You move your servers to VMware or Hyper-V and everything is fine. Then you virtualise your storage and, without even changing your application, everything slows right down. Even if you know what is going on, you may not see any obvious way to get around the problem-and particularly if you are on a tight budget (and who isn’t?).

For instance, if your storage has been thin provisioned to economise on disk usage, the last thing you want is to need to spread out your data to fully allocate disks, to get a performance boost; that would undo the capacity and energy savings that had reduced your operating costs. Nor, typically, would you want to embark on major systems changes at the same time as virtualising your storage.

What typically causes this slowdown is that the storage pool is now being accessed from, say, a dozen different virtual servers at once.
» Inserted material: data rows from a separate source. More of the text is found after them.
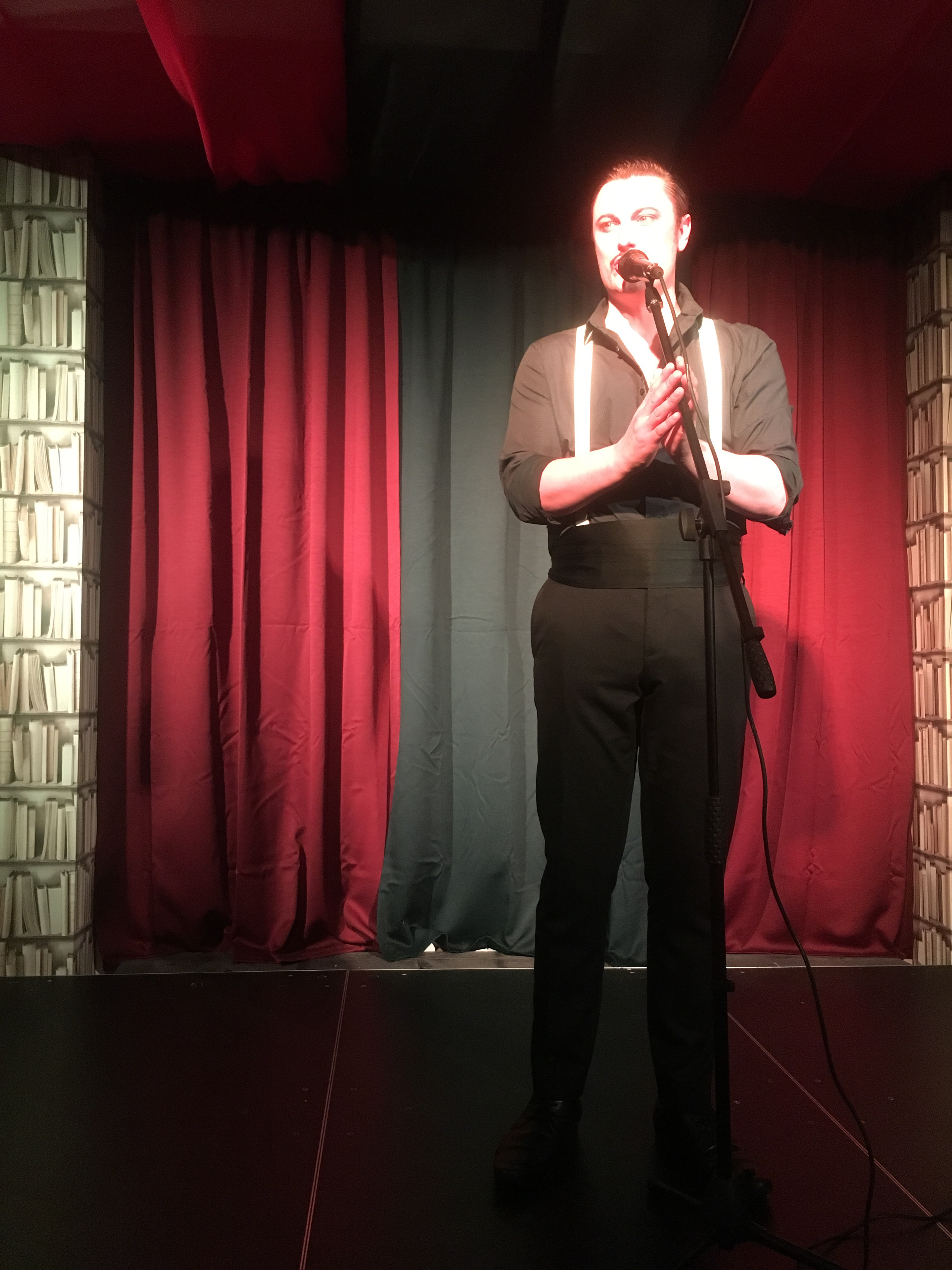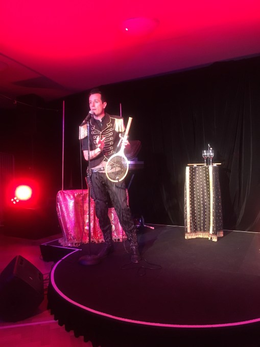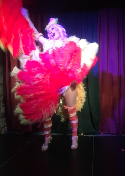 Interval time was suddenly upon the audience, and I used the time to speak to some of my friends in the audience and to see how my man was finding the show. I had not told him many details about the show, and he has only seen burlesque shows twice so far. I was pleased to see that he was enjoying the evening and appreciating all the different performance styles that were on offer, along with the various costumes. Interval time was quite generous, leaving ample time for audience members to get a drink from the well stocked bar, go to the bathroom or have a smoke (or all three!). Chante Dumont reappeared after interval to the delight of the audience, to sing classic songs and to share his unique brand of comedy. His singing voice was rather enchanting and took me away to another place and time. Unbeknown to me, for the rest of the show each performer seen in the first half returned with a completely different character and routine! I found this impressive as I could see how much effort each artist had put into their performances during the first half of the show.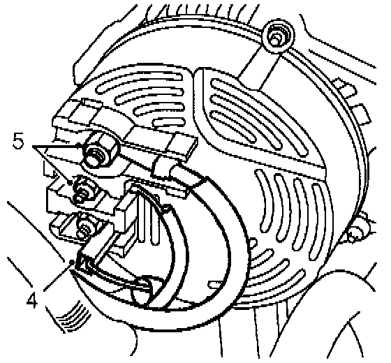 7. Remove 2 bolts securing generator to mounting bracket and collect nuts.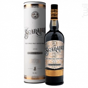 Scarabus islay single malt has a nose with smoky notes. The palate is warm, with notes of leather, cooked rhubarb, vanilla and smoky peat.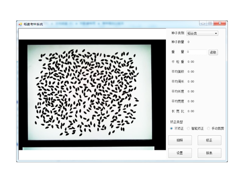 可以直接通过拍照实现种子数量计算,自动输入重量计算出千粒重以及平均面积、平均周长平均长、宽、长宽比,而且具有手动修正功能,确保数粒、重量精度更高。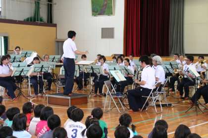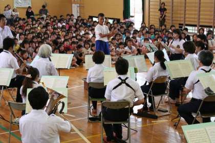 指揮者の体験コーナーがあり、児童が指揮をさせてもらいました。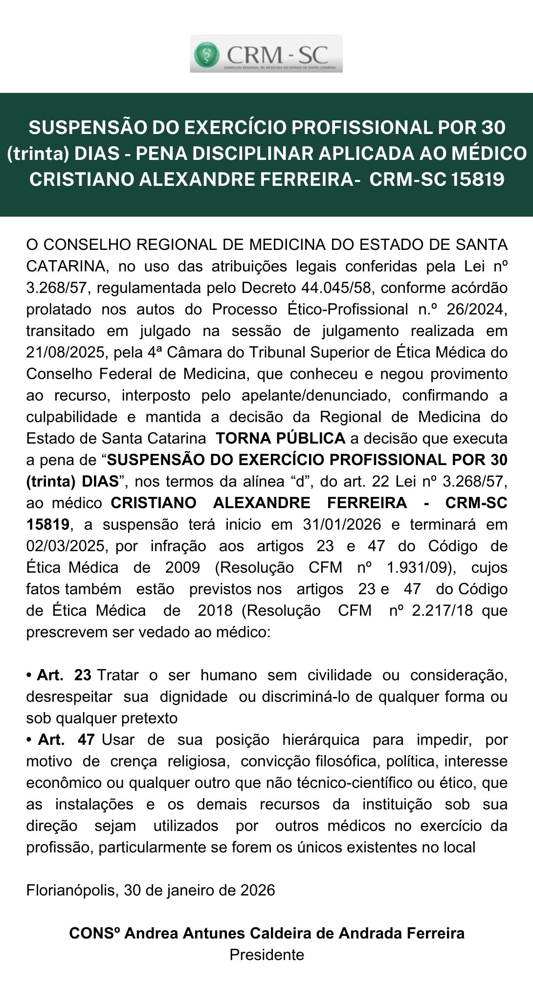 30/01/2026 | Censura Pública: DR. ANDRE RENZI MOTTA – CRM-SC 23959

While the overall volume of transactions may not have changed much, the randomness of record reading and writing will have multiplied. Writing in particular is slowed down through much greater drive contention and latency (longer seek times, greater head movement, longer average data transfer rates). This will affect everything sharing the storage pool from production applications to backups, snapshots and clones.

One company addressing this problem is Virsto (fairly obviously VIRtual STOrage), a recent VC start-up. It has test results showing a slowdown of three times for a Hyper-V environment and sometimes as high as nine times for a snapshot in the more widely adopted VMware.

Virsto uses a conceptually simple way to obviate this problem. The technique is not new to database vendors but has not been seen in the wider storage world until recently. What happens is that all the write requests are serviced initially by the record being written into a journal log file (not visible in the namespace), which creates a 100% sequential data stream irrespective of the number of virtual servers running at the time. This is fast because it removes the randomness and, as soon as the record has been written there, the requesting application gets the OK to continue. Meanwhile, an asynchronous background process works through the log file to write the records into the storage pool. So, two writes are needed but contention is removed.

There are of course a few technical wrinkles to manage, such as handling a read request for a record already due for updating from the journal, so as to ensure the latest image is used. Also, to maximise performance, the log file could be placed on a separate hard drive, or an SSD for which random reads are ultra-fast, but that is for the user (or channel partner) to decide-because I am describing a purely software solution.

Once installed, with the devices mounted through Virsto’s management GUI, the software operates transparently within the existing storage and backup environment. So operation remains as it was before in the virtualised server-storage environment-only faster. It is complementary to existing storage applications, not competitive or a replacement. So, for instance, thin provisioning can continue without causing performance degradation.

Virsto sees the virtual desktop market as having even greater potential. Instead of tens of virtual servers sharing the storage pool there may be 100s of virtual desktops, so the company has developed two versions of the software which share the same processing engine.

The company released a Hyper-V version last year, and this now has around 40 users. Its VMware ESX vCenter version, now in alpha, is due for a Q4 release and, according to Virsto, results are showing performance slightly exceeding that for a fully allocated disk configuration without the software. With that release, users will also have a way of migrating between Hyper-V and VMware environments (reducing vendor lock-in). A Xen desktop version is on its way and due for release in 2012.

I can see some in the channel being ambivalent to this. It can address the needs of their users, expecially SMEs, suffering performance problems-and keep their costs down by maintaining the existing infrastructure; this could reduce the amount of new hardware they purchase in the short-term. Virsto is also maintaining direct sales, not least because some enterprise customers want to try it as the solution spans all business sizes. OEM deals can also be expected a little further down the line.

It is incredible to me that this problem was not foreseen by the virtualisation vendors or, if it was, that they didn’t take steps of this kind to address it from the outset. I can also see no good reason (except for a few patents pending) why they should not develop their own solutions in the future. In the meantime, their loss is Virsto’s gain-with their easy way out for those suffering a virtual storage performance collapse.